Après à peine 6 ans d’existence, les Écoles Supérieures du Professorat et de l’Éducation (Espé) sont remplacées par les Instituts Nationaux Supérieurs du Professorat et de l’Éducation (Inspé) et la formation des enseignant·es est modifiée en profondeur.

C’est une des conséquences de l’adoption de la loi Blanquer dite « École de la confiance ». Ce n’est pas un simple changement de nom mais bien de philosophie : enseigner n’est plus un métier qui s’apprend, c’est « le métier qui est formateur » !
Par cette réforme, le gouvernement veut remettre au pas les enseignant·es, reprendre le contrôle sur les contenus de formation. En outre, la réforme provoque la déconstruction des collectifs pédagogiques dans les Inspé. Nous maintenons l’idée qu’il faille un ensemble « pluricatégoriel » de formateurs·trices (universitaires, « de terrain »), nécessaire à la construction d’équipes stables, non soumis au contrôle direct des inspecteur·trices (IEN et IA-IPR). On va vers un assèchement d’une part importante de la formation, qui ne peut se réduire à la transmission de recettes pratiques imposées par le Ministère.

Cette réforme entraîne aussi la précarisation des futurs enseignant·es en développant la contractualisation et en baissant le nombre de postes au concours : la casse de la formation des enseignant·es est clairement en lien avec la casse du statut. Enfin, elle limite l’accès des classes populaires au métier en repoussant le concours d’un an.

La CGT se bat pour une véritable formation : concours en L3 puis 2 années de formation sous statut de fonctionnaire stagiaire. En M2, nous refusons que les stagiaires soient des moyens d’emploi. Si on veut rendre attractif le métier d’enseignant·es, la solution est simple : revaloriser les salaires et augmenter le nombre de postes au concours.
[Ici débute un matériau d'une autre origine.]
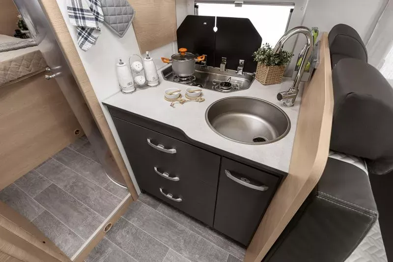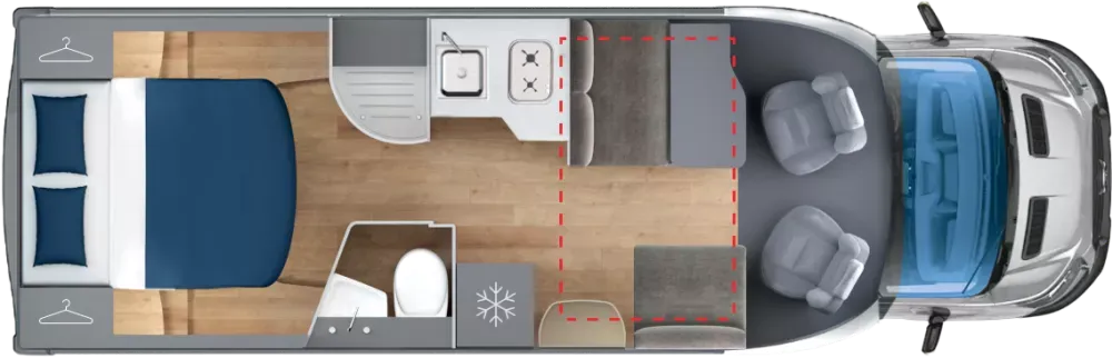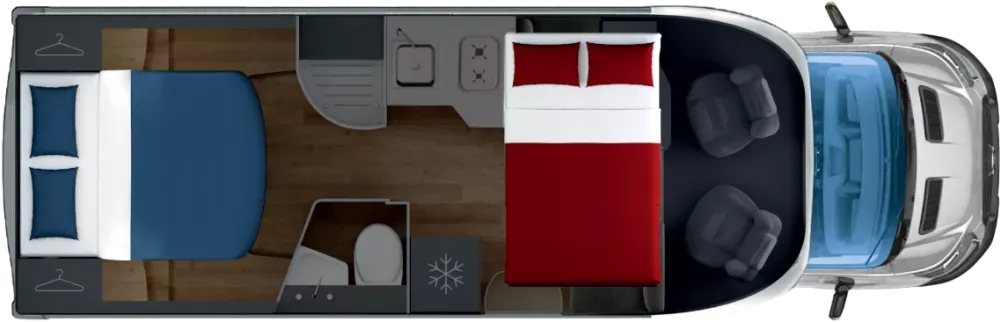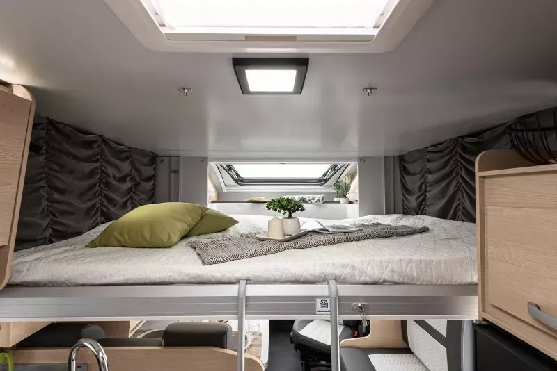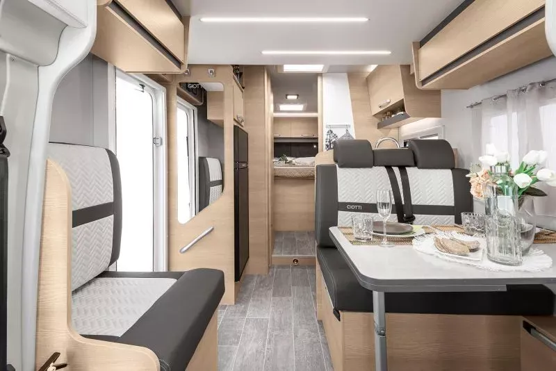 El Siena 390F es ideal para quienes viajan en familia y buscan soluciones inteligentes en un ambiente refinado. Con una longitud de 7,40 metros , ofrece una cama isla de matrimonio , cama delantera eléctrica doble, una cocina amplia y baño con ducha separada. El habitáculo, luminoso y bien organizado, garantiza una experiencia cómoda . Perfecto para viajes cortos o largos, el Siena 390F está disponible con base Ford , con todo lo necesario para moverse con libertad, sin sacrificar la comodidad.

Bien sûr, cela a un coût : allonger d’un an la durée du
stage sous statut de fonctionnaire coûte environ un milliard d’€ supplémentaire.
Cela serait bien plus utile à la société que les 1,6 milliard d’euros que le ministère de l’éducation nationale va devoir dépenser pour le service national universel, qui vise à mater la jeunesse et l’embrigader dans une politique nationaliste et militariste. C’est un véritable choix de société.

Nous continuerons à lutter pour une école égalitariste et émancipatrice.

La CGT demande l’abrogation de cette réforme et appelle l’ensemble des personnels à s’informer et à se mobiliser contre cette casse du service public d’éducation.